Submissive Dominant Switch
Male 33.4% 48.3% 18.3%
Female 75.6% 8% 16.4%

Figure 2: Rates of roles in BDSM (data from Wismeijier and van Assen 2013)

Effect of Negative Clinical Perception on Treatment

Based on the above findings, it seems the stigma that BDSM practitioners carry is rather opposite to the reality. This, taken with the diagnostic criteria of Paraphilias can lead to a better understanding of when the practice of BDSM dips into the realm of a clinical disorder. There is a need for this, as much of the literature indicates the stigma associated with the practice of BDSM has interfered with practitioners receiving psychological treatment, even when their symptoms and distress have nothing to do with their BDSM practice.

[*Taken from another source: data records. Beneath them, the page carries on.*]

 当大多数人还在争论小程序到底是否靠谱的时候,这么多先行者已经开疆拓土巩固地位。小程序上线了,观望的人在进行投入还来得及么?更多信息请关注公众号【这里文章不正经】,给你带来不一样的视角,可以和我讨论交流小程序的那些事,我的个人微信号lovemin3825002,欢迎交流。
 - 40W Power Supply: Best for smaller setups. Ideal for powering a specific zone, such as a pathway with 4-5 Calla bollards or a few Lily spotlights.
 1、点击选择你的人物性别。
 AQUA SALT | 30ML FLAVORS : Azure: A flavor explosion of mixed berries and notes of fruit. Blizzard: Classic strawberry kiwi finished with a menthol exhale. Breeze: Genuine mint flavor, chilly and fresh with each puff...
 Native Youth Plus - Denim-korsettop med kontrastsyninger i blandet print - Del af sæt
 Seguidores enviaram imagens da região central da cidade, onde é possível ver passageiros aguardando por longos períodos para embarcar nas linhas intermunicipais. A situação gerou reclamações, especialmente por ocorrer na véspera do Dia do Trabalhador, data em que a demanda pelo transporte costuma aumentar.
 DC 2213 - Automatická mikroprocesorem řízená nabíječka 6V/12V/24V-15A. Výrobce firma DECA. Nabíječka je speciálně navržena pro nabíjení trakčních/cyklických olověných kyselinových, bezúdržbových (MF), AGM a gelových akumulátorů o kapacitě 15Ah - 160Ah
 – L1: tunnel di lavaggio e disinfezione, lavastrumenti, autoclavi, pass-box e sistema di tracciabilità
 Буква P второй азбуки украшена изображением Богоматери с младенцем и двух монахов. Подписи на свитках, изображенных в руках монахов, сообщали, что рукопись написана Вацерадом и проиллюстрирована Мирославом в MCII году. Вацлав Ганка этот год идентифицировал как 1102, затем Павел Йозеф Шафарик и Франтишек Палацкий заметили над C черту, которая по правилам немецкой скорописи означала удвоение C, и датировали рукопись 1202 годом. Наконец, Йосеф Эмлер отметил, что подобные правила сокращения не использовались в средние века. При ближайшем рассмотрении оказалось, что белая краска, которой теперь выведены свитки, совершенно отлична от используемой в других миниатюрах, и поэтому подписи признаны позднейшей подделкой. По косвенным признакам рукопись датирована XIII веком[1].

Lindemann (2011) reports psychologists previously described a BDSM practitioner as “wandering through the kingdom of hell… a criminal… cannibalism, necrophilism, and vampirism.” Kolmes, Stock, and Moser (2006) identified the following themes of biased care in psychotherapy:

  1. Considering BDSM to be unhealthy
  2. Requiring the client to give up BDSM activity in order to continue treatment
  3. Confusing BDSM with abuse
  4. Client having to educate the therapist about BDSM
  5. Assuming that BDSM interests are indicative of past family/spousal abuse
  6. Therapist misinterpreting their expertise by stating that they are BDSM-positive when they are not actually knowledgeable about BDSM practices.

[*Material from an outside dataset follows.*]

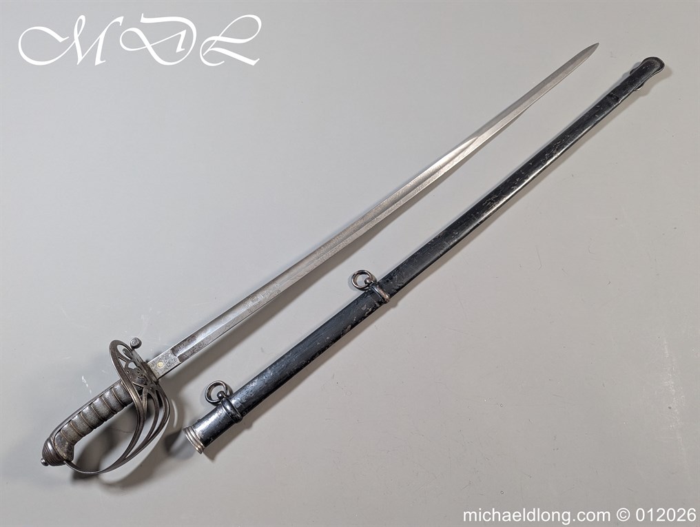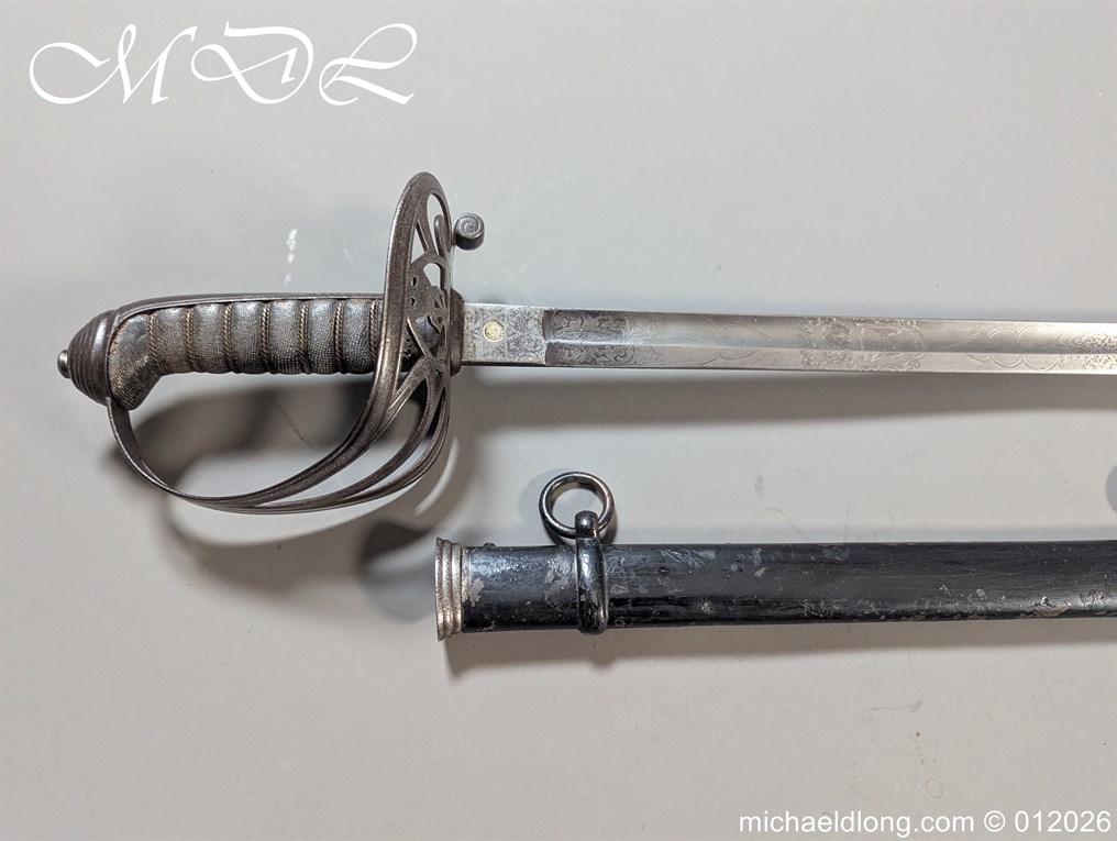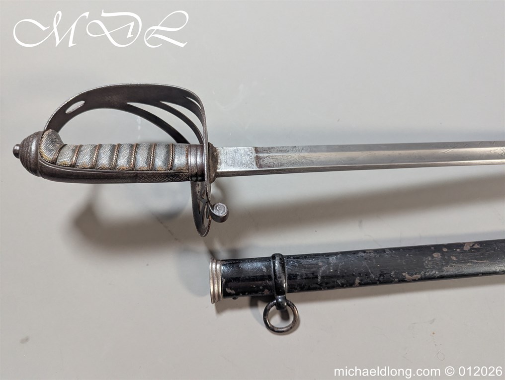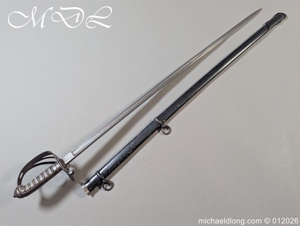 Victorian British Officers Sword belonging to Sir Aylmer Hunter-Weston KCB DSO. The sword is regulation with steel hilt with slung bugle; fish skin grip bound with twisted wire back strap and stepped pommel. The blade slightly curved engraved with Victorian crown and slung bugle the reverse with floral decoration and family crest plus initials AHW. Makers details Pulford and Co London plus proof plug. Complete with steel scabbard which shows age wear to the painted finish plus two small dents towards the drag. Lieutenant-General Sir Aylmer Gould Hunter-Weston, KCB, DSO 23 September 1864 – 18 March 1940 was a British Army officer who served in the First World War on the Western Front, at Gallipoli in 1915, and in the very early stages of the Somme Offensive in 1916 he was also a Scottish Unionist MP.
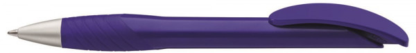 Druckkugelschreiber mit uni gedeckt glänzendem Gehäuse, ergonomischer Gummigriffzone, Bogenclipdrücker mit Metallspitze mattchrom.

This study stated that 74.9% of people were not seeking treatment for BDSM interests, whereas 12% and 11% said treatment was either related or tangentially related, respectively. Of those seeking treatment, 65.1% shared their BDSM interests with their therapist, and 28.6% had not. What was most telling, though, was that the people who chose to share their BDSM interests report doing so, and doing so early in treatment, to gauge whether or not they would be comfortable with a particular therapist. Additionally, 33.7% report purposefully seeking out “kink-aware” professionals. The following testimonials, taken from interviews also included in this study, highlight the importance of not allowing one’s prejudices to affect clinical practice, or a patient’s treatment:

“BDSM only came into play when I had to educate her that it was not abuse, that it was not harmful to me, that I was not self-sabotaging with it, nor acting out past family/spousal abuse. It actually took quite a few sessions to get the therapist over their hang ups and misconceptions about BDSM. Time that could have been better spent on the actual issues I was there for.”

 

“I think that there are definitely aspects of BDSM that can be harmful when someone isn’t mindful of their own limits, needs, and such… finding a therapist who would be open to helping me along the path in the healthiest way possible would be invaluable!”

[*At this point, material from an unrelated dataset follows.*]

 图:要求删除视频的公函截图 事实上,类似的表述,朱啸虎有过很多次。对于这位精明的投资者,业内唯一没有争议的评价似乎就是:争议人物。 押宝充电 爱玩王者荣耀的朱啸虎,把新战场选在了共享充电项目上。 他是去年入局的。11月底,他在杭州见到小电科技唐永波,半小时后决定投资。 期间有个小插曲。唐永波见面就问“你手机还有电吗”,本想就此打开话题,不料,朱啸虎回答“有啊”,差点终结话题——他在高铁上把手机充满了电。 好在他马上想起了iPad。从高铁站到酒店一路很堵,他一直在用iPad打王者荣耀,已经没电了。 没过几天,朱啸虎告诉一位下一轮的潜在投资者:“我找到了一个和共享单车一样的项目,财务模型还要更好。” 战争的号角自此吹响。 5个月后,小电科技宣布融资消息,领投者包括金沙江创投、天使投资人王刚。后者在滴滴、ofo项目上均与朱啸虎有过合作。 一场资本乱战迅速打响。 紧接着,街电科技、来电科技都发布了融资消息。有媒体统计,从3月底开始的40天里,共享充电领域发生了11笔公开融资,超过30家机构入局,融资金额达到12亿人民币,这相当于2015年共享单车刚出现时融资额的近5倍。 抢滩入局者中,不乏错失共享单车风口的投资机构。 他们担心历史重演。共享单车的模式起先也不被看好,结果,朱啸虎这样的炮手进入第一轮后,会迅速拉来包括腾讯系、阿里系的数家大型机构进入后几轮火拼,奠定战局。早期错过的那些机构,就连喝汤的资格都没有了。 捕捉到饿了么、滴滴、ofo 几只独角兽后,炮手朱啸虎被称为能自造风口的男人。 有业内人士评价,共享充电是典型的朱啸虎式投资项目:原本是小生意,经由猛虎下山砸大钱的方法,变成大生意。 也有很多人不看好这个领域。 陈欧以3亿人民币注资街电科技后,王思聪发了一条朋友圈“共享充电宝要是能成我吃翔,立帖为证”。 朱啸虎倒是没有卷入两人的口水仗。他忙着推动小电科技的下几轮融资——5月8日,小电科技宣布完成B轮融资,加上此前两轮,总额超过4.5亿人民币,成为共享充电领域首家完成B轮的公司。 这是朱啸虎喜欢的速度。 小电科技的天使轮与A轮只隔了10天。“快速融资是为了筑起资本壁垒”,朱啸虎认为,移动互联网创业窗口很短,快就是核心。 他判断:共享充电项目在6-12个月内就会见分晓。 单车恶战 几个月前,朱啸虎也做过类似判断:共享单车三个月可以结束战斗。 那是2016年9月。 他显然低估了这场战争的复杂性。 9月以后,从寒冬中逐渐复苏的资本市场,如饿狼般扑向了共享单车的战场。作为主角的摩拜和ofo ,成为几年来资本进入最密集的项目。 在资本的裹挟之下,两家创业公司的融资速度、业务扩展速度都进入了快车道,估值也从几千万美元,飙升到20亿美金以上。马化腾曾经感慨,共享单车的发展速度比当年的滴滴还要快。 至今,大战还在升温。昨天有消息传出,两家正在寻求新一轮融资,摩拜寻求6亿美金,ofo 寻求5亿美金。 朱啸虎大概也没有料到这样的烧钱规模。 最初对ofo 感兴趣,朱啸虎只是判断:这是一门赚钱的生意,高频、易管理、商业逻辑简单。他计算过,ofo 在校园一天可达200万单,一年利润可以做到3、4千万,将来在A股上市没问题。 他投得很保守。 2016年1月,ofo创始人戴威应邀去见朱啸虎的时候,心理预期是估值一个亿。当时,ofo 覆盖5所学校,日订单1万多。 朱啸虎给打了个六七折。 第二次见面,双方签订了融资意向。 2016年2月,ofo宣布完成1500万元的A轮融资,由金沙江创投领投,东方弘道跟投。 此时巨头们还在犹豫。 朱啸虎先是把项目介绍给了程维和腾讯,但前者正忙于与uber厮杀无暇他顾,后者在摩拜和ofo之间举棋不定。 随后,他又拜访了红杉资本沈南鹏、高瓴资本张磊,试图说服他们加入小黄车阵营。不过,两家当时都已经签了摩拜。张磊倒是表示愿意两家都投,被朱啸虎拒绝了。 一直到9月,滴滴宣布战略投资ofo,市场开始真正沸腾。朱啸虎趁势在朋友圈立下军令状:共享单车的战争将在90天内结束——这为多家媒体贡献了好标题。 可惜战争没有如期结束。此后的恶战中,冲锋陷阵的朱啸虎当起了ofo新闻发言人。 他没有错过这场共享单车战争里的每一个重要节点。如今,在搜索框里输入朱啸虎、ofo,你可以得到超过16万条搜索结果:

Many liken their participation in BDSM to that of a leisure activity , such as mountain climbing, or hiking (Newmahr 2010). Conceptualizing BDSM in this manner, especially in consideration with the data on the psychological health of practitioners, it seems silly for a clinician to ask a client to justify, or even stop their practice in order to receive treatment. According to Williams and Storm (2012), regular practice promotes trust, communication, spirituality, and intimacy within relationships; can provide new understandings of self and past experiences; and can lead to new insights about unnoticed phenomena.

Pain

By its very nature, though, it is understandable why someone not already involved in the practice might feel fearful. BDSM conjures up images of black leather, whips, and chains. Across the board BDSM involves some element of pain, either physical, psychological, or both. Neurologically, the experience of pain releases endorphins, which are neurotransmitters that modulate the experience of pain. Schneider (2009) argues that this causes an altered state of mind, allowing a person to have a new perception of how to control a situation. He further argues that pain is not an objective experience, but a social construct whose definition of experience relies on context. If a person is able to be in control of their pain it can produce feelings of pride, accomplishment, catharsis, and positive identity.

This seems to support anecdotal findings from Lindemann (2011) in which a series of professional dominatrices (pro dommes) were interviewed in New York and San Francisco. Originally beginning as general field research, Lindemann found that the majority of pro domes viewed themselves as “therapists” and described the value of their work in four categories:

  1. Healthful alternatives to sexual repression, due to societal stigma
  2. A means by which people can atone for their past
  3. Mechanisms for gaining control over prior traumas
  4. A way to experience psychological revitalization through shame

The pro dommes did receive compensation from clients for their services, and though their work can be conceptualized as “erotic labor,” in almost all cases no sexual contact was involved. The majority of women also participated in a BDSM lifestyle outside of the professional capacity, 33% had college degrees, and 39% had graduate degrees.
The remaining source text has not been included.